Lorentz-violating corrections on the hydrogen spectrum induced by a non-minimal coupling
H. Belich, T. Costa-Soares, M.M. Ferreira Jr., J.A. Helayel-Neto, and, F. M. O. Mouchereck

TL;DR
This paper investigates how Lorentz-violating background fields, introduced via a non-minimal coupling, affect the hydrogen spectrum, revealing energy shifts and setting bounds on the model's parameters.
Contribution
It introduces a non-minimal coupling framework to analyze Lorentz violation effects on hydrogen, including energy shifts and Zeeman-like effects, with experimental bounds.
Findings
Energy shifts modify hydrogen's fine structure.
No first-order correction without external field for torsion-like coupling.

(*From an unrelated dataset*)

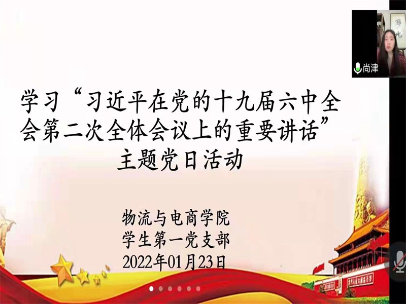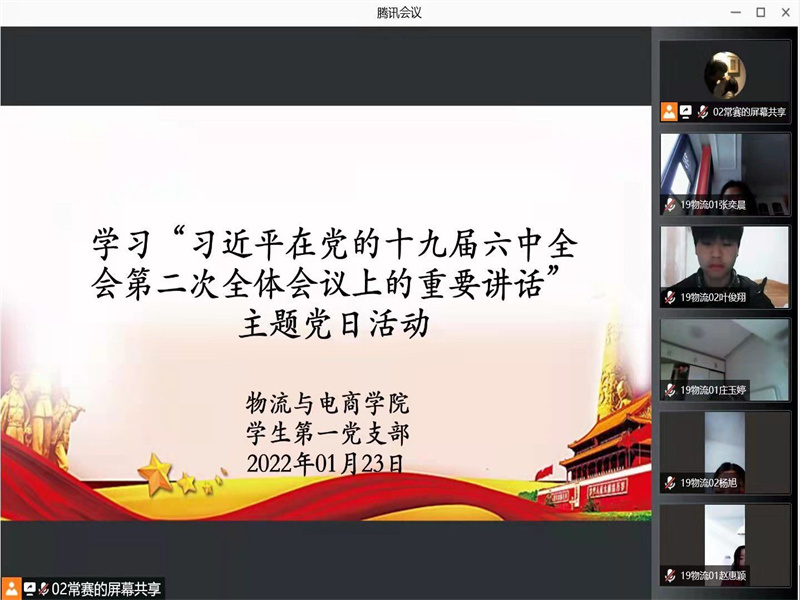为巩固好党史学习教育的成果,77779193永利官网学生第一党支部于1月23日下午17:00通过腾讯会议在线上开展了以“习近平在党的十九届六中全会第二次全体会议上的重要讲话”为学习内容的的主题党日活动,学生第一党支部书记尚津、第一党小组组长王雪冰和全体在校学生党员参与此次会议。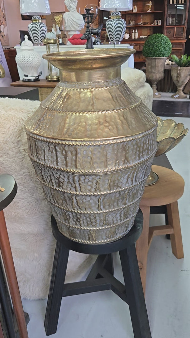 Calypso Hand Hammered Metal Urn - Gold

External magnetic field induces secondary Zeeman effect.
Abstract
The influence of a Lorentz-violating fixed background on fermions is considered by means of a torsion-free non-minimal coupling. The non-relativistic regime is assessed and the Lorentz-violating Hamiltonian is determined. The effect of this Hamiltonian on the hydrogen spectrum is determined to first-order evaluation (in the absence of external magnetic field), revealing that there appear some energy shifts that modify the fine structure of the spectrum. In the case the non-minimal coupling is torsion-like, no first order correction shows up in the absence of an external field; in the presence of an external field, a secondary Zeeman effect is implied. Such effects are then used to set up stringent bounds on the parameters of the model.